Chez Baxter, aucun adjuvant n'est utilisé. Dans son avis sur la stratégie vaccinale, le Haut Conseil de la santé publique a recommandé de préférer les vaccins non adjuvantés dans certains groupes de populations (femmes enceintes et nourrissons, notamment).
Vaccination élargie
En l'absence de données à grande échelle sur les nouveaux adjuvants, le Pr Léophonte s'interroge cependant sur le bien-fondé d'une vaccination de masse. «Le vaccin se justifie chez les personnes à risque de formes graves.
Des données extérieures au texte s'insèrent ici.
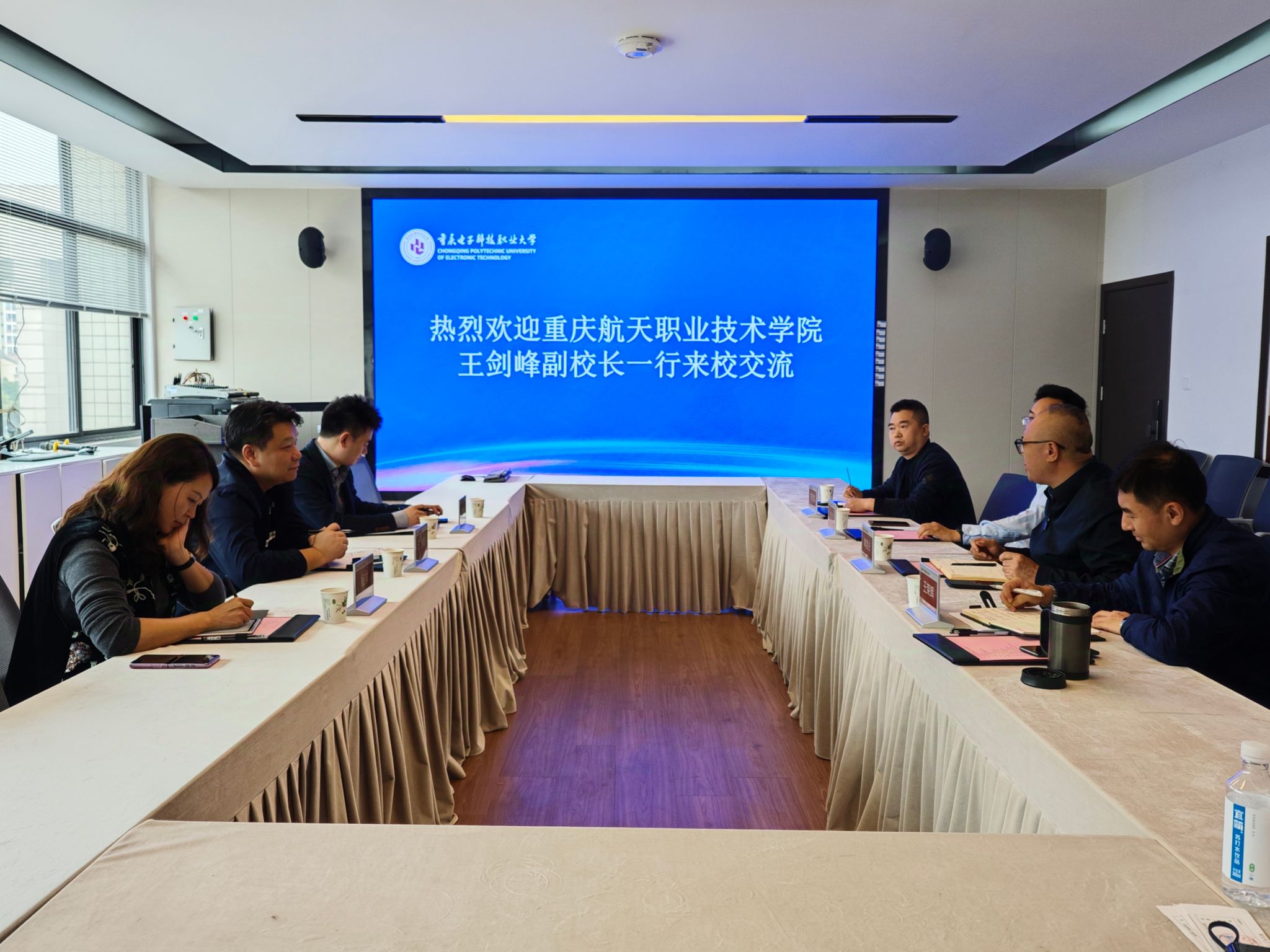 11月7日,重庆航天技职业技术学院副校长王剑锋、科研处处长刘自昆、产学合作处副处长杨洋、产学合作处干事徐瑞钟来访我校。我校副校长幸昆仑、国际交流与合作发展处处长刘宏宇、科研与社会服务处副处长王荣辉、国际交流与合作发展处合作发展科科长甘守武,在知行楼B508中非中心会议室共同参加座谈。

Mais il faut rester prudent quant à une campagne à grande échelle, qui multiplie les risques d'effets secondaires exceptionnels», relève-t-il. D'autres experts reconnus sont favorables à une vaccination élargie, pour protéger à la fois l'individu et la collectivité. Même si les technologies de fabrication des vaccins antigrippaux ont évolué ces dernières décennies, les 532 cas de Guillain-Barré (dont une trentaine mortels) survenus aux États-Unis en 1976 après la vaccination hâtive de 40 millions de personnes sont dans toutes les mémoires. «Les pays devront mettre en place des systèmes de pharmacovigilance réactifs et communiquer entre eux en temps réel», insiste Rebecca Martin.